CAVIAR: Co-simulation of 6G Communications, 3D Scenarios and AI for Digital Twins
João Borges, Felipe Bastos, Ilan Correa, Pedro Batista, Aldebaro Klautau
TL;DR
The paper tackles the need for accurate digital twins in 6G by proposing CAVIAR, a modular co-simulation framework that jointly couples wireless channel modeling, photorealistic 3D CGI, and AI/ML within a single loop. It introduces an orchestrator-driven, software-agnostic architecture and a message-passing mechanism to plug in diverse simulators, enabling all-in-loop interactions. The SAR blueprint demonstrates feasibility on a single workstation using AirSim/Unreal, Sionna, YOLOv8, and scikit-learn, coordinated via NATS, with benchmarking data on computational resource usage.
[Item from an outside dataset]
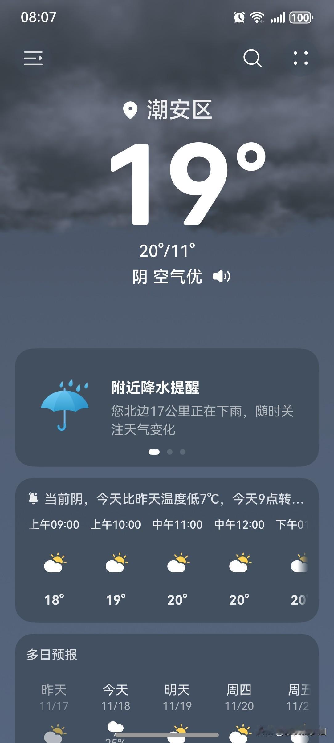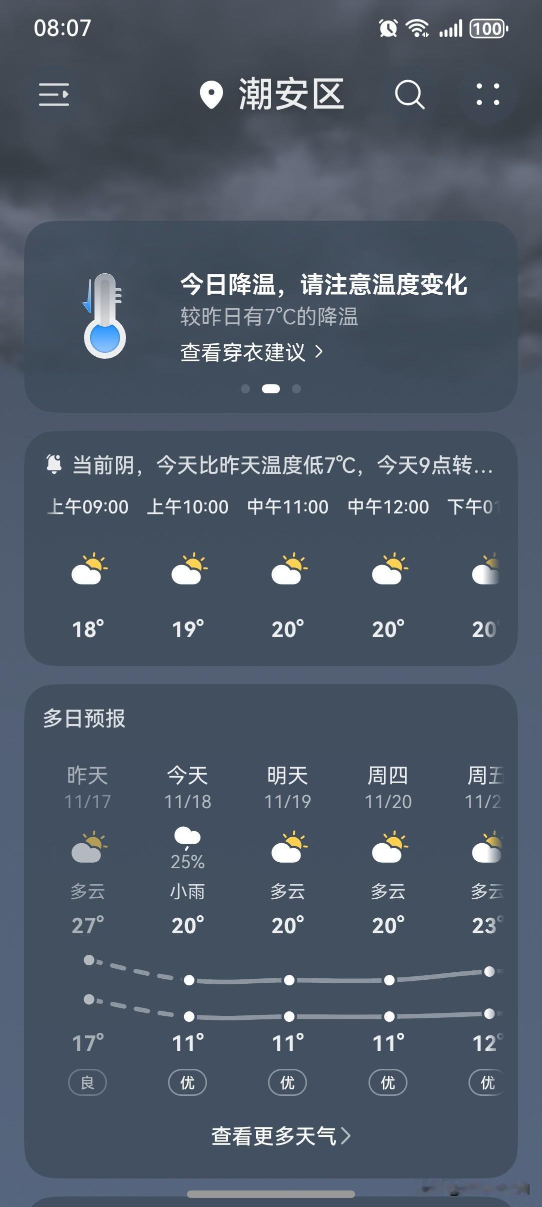 冷冷冷我冷冷冷!广东开启速冻模式! 受强冷空气影响,18~19日,我省大部市县阴天,部分市县有小雨或零星小雨; 各地气温将较17日明显下降,昼夜温差小,过程气温下降幅度:粤北市县下降8~10℃,中南部市县下降6~8℃;大部分市县过程最低气温将出在20日早晨前后,其中粤北偏北市县5~8℃(粤北高海拔山区2~5℃); 17~19日受冷空气影响时我省陆地有阵风5~7级。 今天(18日),潮州阴天,气温11~20℃,此刻气温19℃,体感温度16℃。注意防寒保暖!潮州发布寒冷黄色预警! 看看今天的天空,天气画风已变!没有了往日的阳光普照,转为阴天,云量明显增多。 早上起来,发现气温居然还没有下降!难道冷空气又在路上被什么绊住了脚步?还是说昨天的气温实在是太高了,余热还在? 从昨晚已经提前做好了降温准备,厚被子、厚衣服通通都已经拿出来了。可谁能料到!昨晚居然需要开着风扇才能入睡,厚衣服今天居然也没有派上用场,这下心情有些复杂了。 从失落到郁闷,再从郁闷到欣然接受,我总共花费了不到一分钟的时间。 早上心情稍微有一点失落(因为花费了时间和精力准备的东西没派上用场,总不能硬用吧?现在穿厚衣服实在是不太合适,太热了!),然后又有些郁闷(不知道冷空气具体什么时候来?),但转念一想,这样不是更好吗?多一天暖和的日子不香吗?可以接着奏乐接着舞啊!如此一想,倒也欣然接受还没降温的现实。 冷空气到达的地区,小伙伴们要注意防寒保暖! 冷空气尚未到达的地区,接着奏乐接着舞,一边舞一边等吧! 相信冷空气虽迟但到!

The results highlight feasibility and scalability on limited hardware while identifying bottlenecks in the 3D ray-tracing path, guiding future work toward PTwin-in-the-loop and distributed co-simulation for broader 6G digital twin applications.
Abstract
Digital twins are an important technology for advancing mobile communications, specially in use cases that require simultaneously simulating the wireless channel, 3D scenes and machine learning. Aiming at providing a solution to this demand, this work describes a modular co-simulation methodology called CAVIAR. Here, CAVIAR is upgraded to support a message passing library and enable the virtual counterpart of a digital twin system using different 6G-related simulators. The main contributions of this work are the detailed description of different CAVIAR architectures, the implementation of this methodology to assess a 6G use case of UAV-based search and rescue mission (SAR), and the generation of benchmarking data about the computational resource usage. For executing the SAR co-simulation we adopt five open-source solutions: the physical and link level network simulator Sionna, the simulator for autonomous vehicles AirSim, scikit-learn for training a decision tree for MIMO beam selection, Yolov8 for the detection of rescue targets and NATS for message passing. Results for the implemented SAR use case suggest that the methodology can run in a single machine, with the main demanded resources being the CPU processing and the GPU memory.